Where You Work – Anything you want to accomplish at work? Anything on your performance review that you need to take care of? A class? A certification? Want to find a new job? What do you need to have in place to do that?
Who You Love – What’s the state of your most intimate relationships? What would you like to do more of? Less of? Is there something you’re not doing at all, and would like to try? Need more connection? How could you get that? Want a partner? Are you acting as if that’s what you want, or are you playing it cool?

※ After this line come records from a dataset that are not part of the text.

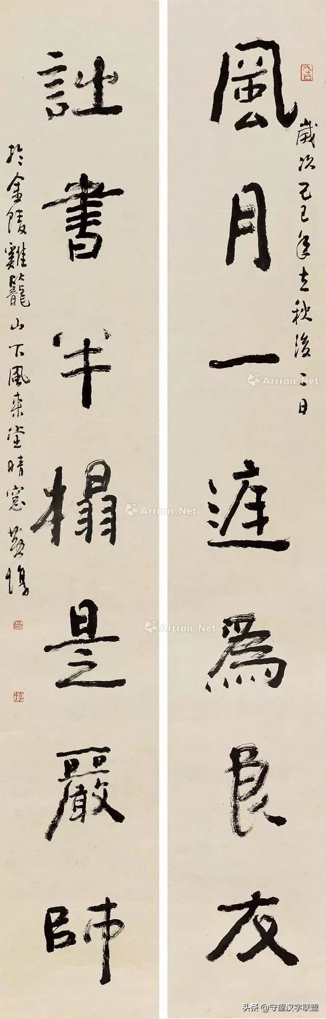 黄:有的人是以刻和写来区分,我认为不够。要看观念,看取法对象是什么。从培养书法家方面说碑和帖没什么差别,都可以写出优秀的书家来。我们没有理由讲写碑的就比写帖的差,不好这样讲。但应该注意碑与帖供给的养料是不同的,譬如说评价邓石如,你不要讲他什么都好,说他的篆书和隶书,或者他写的楷书有价值,我不反对,你非要说他什么都好,那我拿他写的《海为龙世界;云是鹤家乡》给你看,他根本就不懂行草,从笔法上也不懂,字形上也不对,甚至完全把帖的内涵的东西破坏掉了。
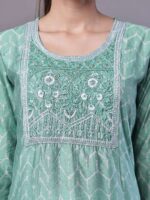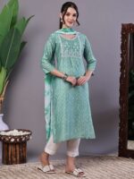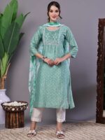 Women’s Mint Green Chanderi Embroidered Kurta Set with Dupatta Suit Sets
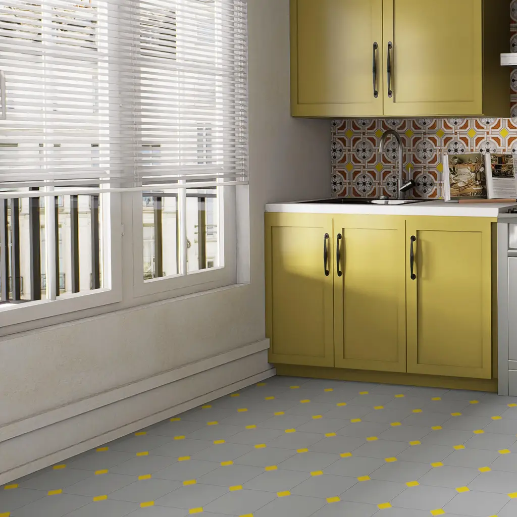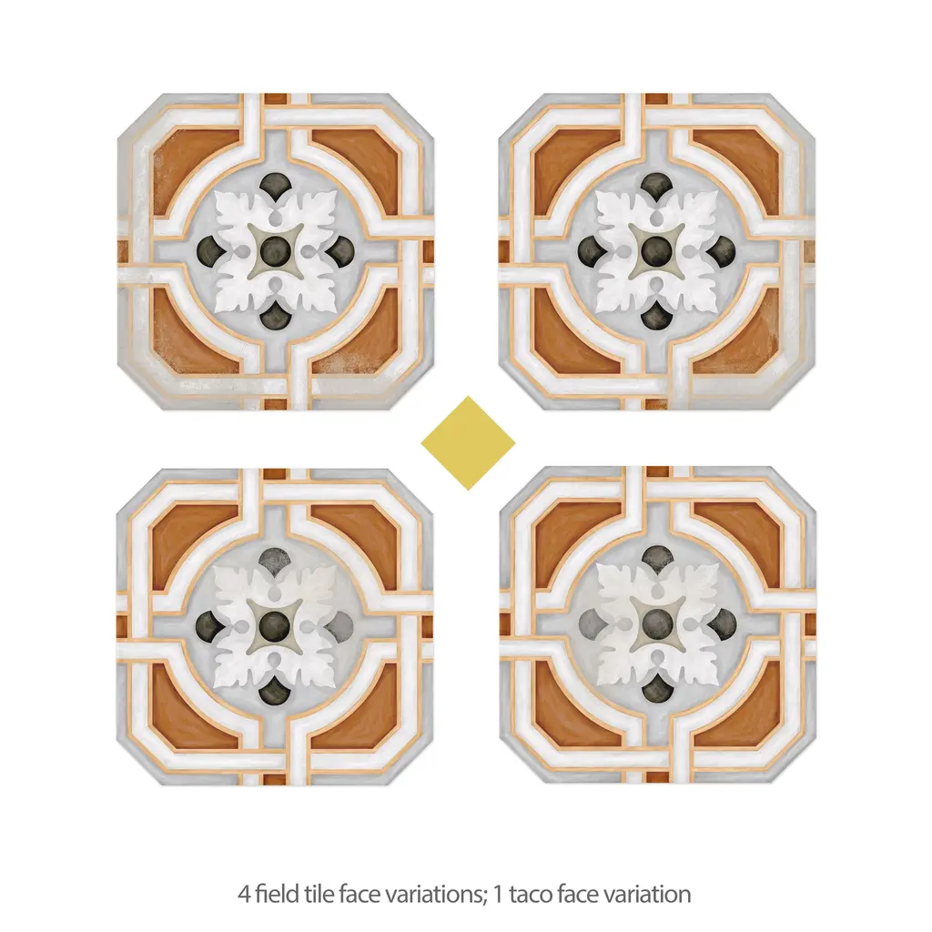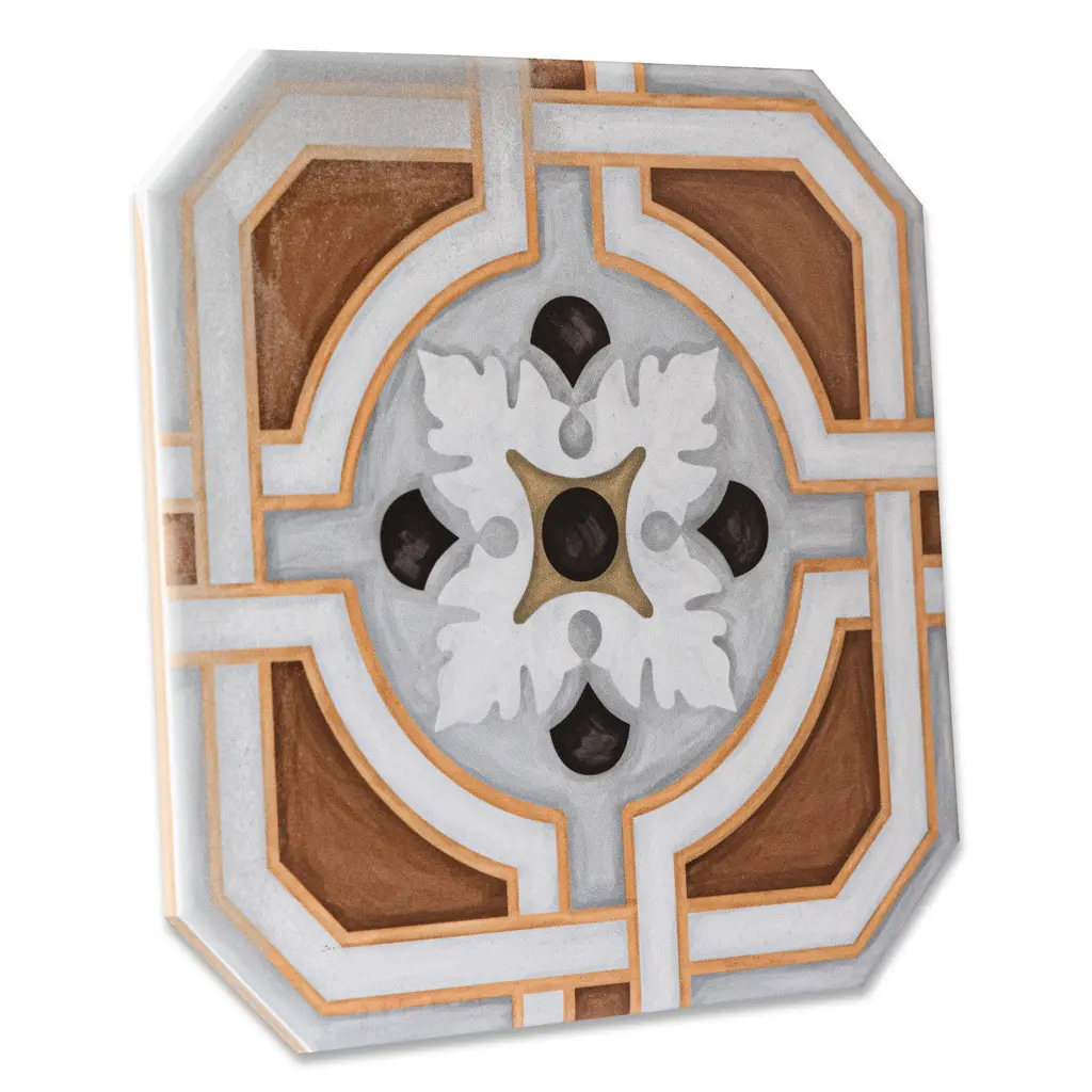 Inspired by a hand painted look, our Vaudeville Octagon Deco Zimmer with Taco Lima Porcelain Floor and Wall Tile features a slightly textured, matte finish, providing decorative appeal that adapts to a variety of stylistic contexts. Inspired by Victorian-era Vaudeville, these geometric octagon tiles with a matte finish and customizable vibrant colors capture timeless elegance and vintage charm, creating a sophisticated, lively space reminiscent of the colorful variety acts of Vaudeville theatres. Containing 5 different print variations that are randomly distributed throughout each case, this brown specialty tile offers a one-of-a-kind look. With its impervious, frost-resistant features, this tile is an ideal selection for a variety of spaces including indoor and outdoor residential installations, bathrooms, backsplashes, showers, hallways, pools and fireplace facades. This tile is a perfect choice on its own or with other products in the Merola Tile, Vaudeville Collection. To ensure optimal results, please consult with your installer and review the product specifications to confirm that this tile meets the specific needs of your project.
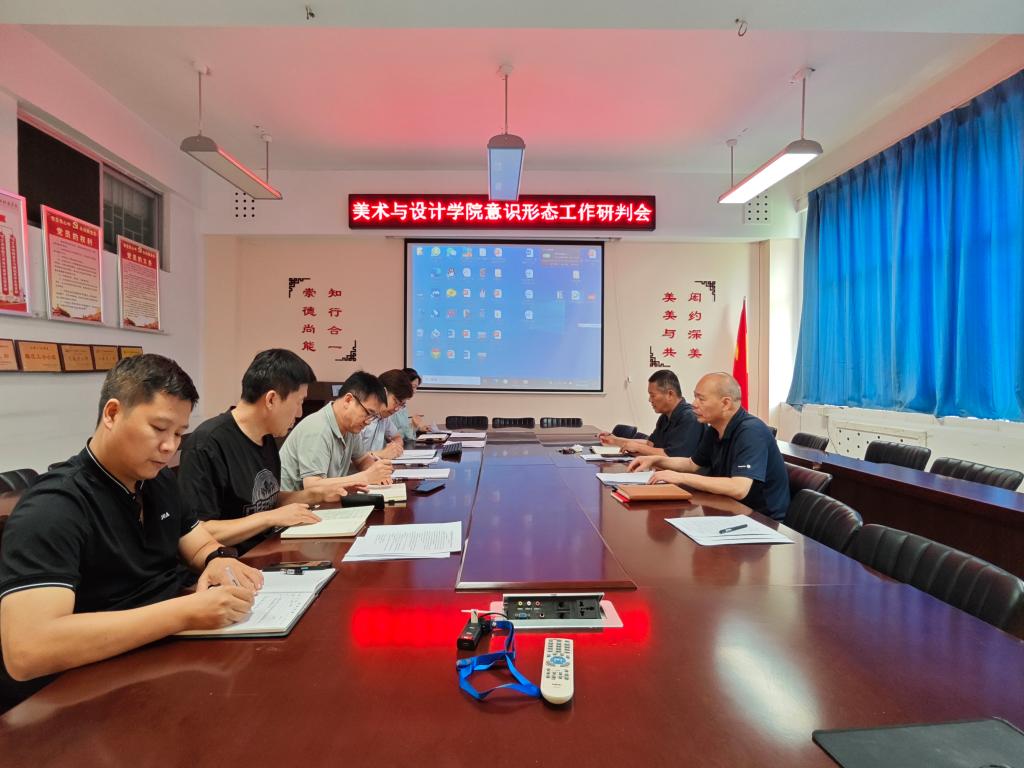 6月24日上午,为进一步落实意识形态和安全稳定工作,美术与设计学院在11208会议室召开意识形态工作研判会。学院全体领导班子、党政办公室主任参与会议。会议由学院党委书记张新词主持。

How You Take Care of Yourself – How is your self-care? Are you feeding yourself – literally and figuratively – well? Will you need a physical exam, mammogram, prostate exam, colonoscopy, flu shot or dentist visit this year? Anything elective you want to attend to, like braces or plastic surgery? Are you resting enough? Is there anything you want to learn this year? Anything you want to master?
Here’s a little secret I’ve learned — pick one area, and improve that. Then move on to another, then another. Because when you try to do it all at once you dice up your attention into such small pieces that you can’t really accomplish much. When you put your attention on one area, and it improves, other areas quite naturally follow suit.
Again, it’s about anticipating. To be aware of your life and your realities and take an advance look so that you can deal with stuff effectively.
Cuz we all got stuff, don’t we? But stuff doesn’t necessarily have to be bad, or hit us completely out of the blue, or be unmanageable.
By anticipating — planning a wee bit in advance — you can take that which is tough and make it tender. You can make tomorrow happier than today.
Because when you are able to anticipate you are able to create. When you anticipate, you have the power to create, rather than just living in reaction mode. And what you are creating, through anticipation, is a happy, forward-thinking way to live.
Just like the lyrics to that old song, “We can never know about the days to come, But we think about them anyway…stay right here, because these are the good old days.” They are, indeed, the good old days when you can greet them with anticipay-yay-tion.